There are quite a few moments throughout the course of these text reenactments that I think we feel particularly proud of, where you can really sense the fact that they're ships passing, that they're not getting the message correctly with each other, and that's something that we all face on our day-to-day basis, where we don't understand tone from texts, but it was… Easy is not the right word, because we had the thousands of text messages that we had. It was a phenomenal asset and a phenomenal tool that made our jobs easier. Figuring out how to cull all of those down into a cogent story that got to the heart of their relationship, that was the hard part. And for that, we owe a great deal of gratitude to our writers and to our researcher, who was with us every step of the way making sure that we got it right.

And, of course, the other big part of the finale is watching Conrad's final day. How much of what we see actually happened, and how much did you guys have to fill in the blanks for?
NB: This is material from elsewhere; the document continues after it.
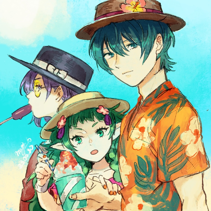 ひろずでもらった帽子にアガって描きました。
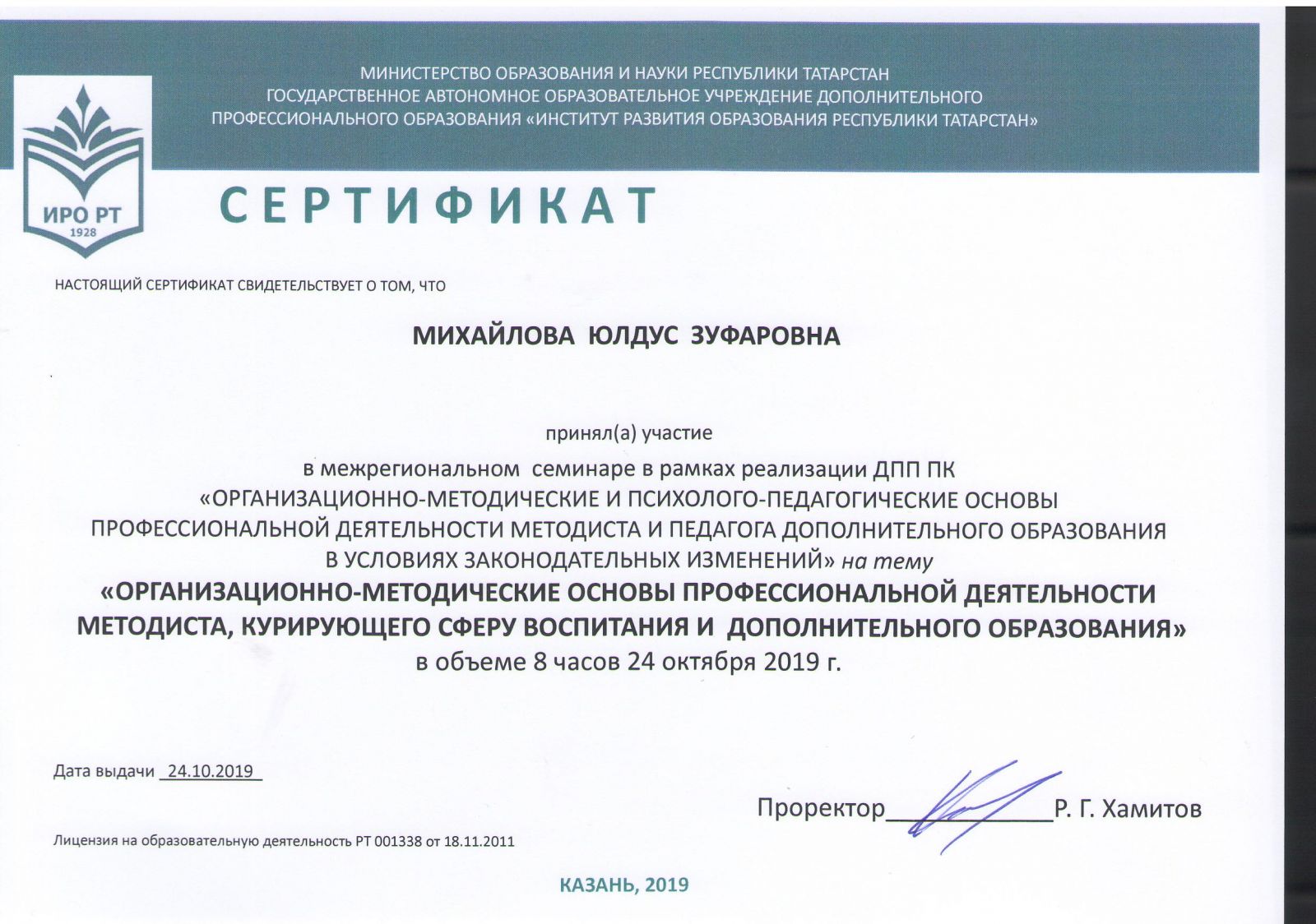 - Михайлова Ю.З. выступление на Республиканской стажировке «Организационно- методические основы профессиональной деятельности методиста, курирующего сферу дополнительного образования»;

HANNAH: That's all real. That was from his text messages and from Lynn Roy's testimony. So that's all real of what he did on his last day, and he was talking to her the entire time, so there's almost a timeline of his day, and then of Lynn filling in the gaps when she was around, and that was something we always talked about. We knew that we were going to be telling the story from his perspective. We felt that it was really important to be in Coco's POV for his last day, and to experience it with him.

I will say it was definitely something we dreaded getting to and writing and shooting. It was really hard, and not just because of the subject matter, but what we're getting to, what we're leaning to. Everything was taken from what happened in real life, and I think something that stuck out so much to us, and Patrick, you felt so strongly about this, is just the mundaneness of it all. Of walking the dog, of playing a video game, of going to the beach with your family and knowing that's the last time you'll do anything. What happens when you know that, when you're looking at it all, and the choices you make in looking at it all that way?

MACMANUS: It's hard to think about what it must have been like for Lynn and for Co, Lynn in particular, because that was his day. She had no clue what was going to come that night, and it kind of cuts to the quick of one of the deeper reasons for why this show exists, which is that we can never know what someone is going through, and that we can never blame people for tragedies like this. All we can hope to take out of a story like this is that we can reach out to people who might be troubled and say to them that that day doesn't have to be the last day, that you can speak about this, that you can reach out for help about this, and that that help exists.

I don't want to make this show more than it is, but it was always, again, a north star for Liz and I that it couldn't just be about entertaining, that this isn't just a regular true crime show. That this has something to say to people out there, which is that you are never alone, and that all of us have some degree of issues with mental health that we're all dealing with every single day. So I don't want to go down too much of a rabbit hole, but I think it's important that the mundanity of that day is like millions of people out there right now, that it could happen at any point in time.

This interview has been edited and condensed for length and clarity.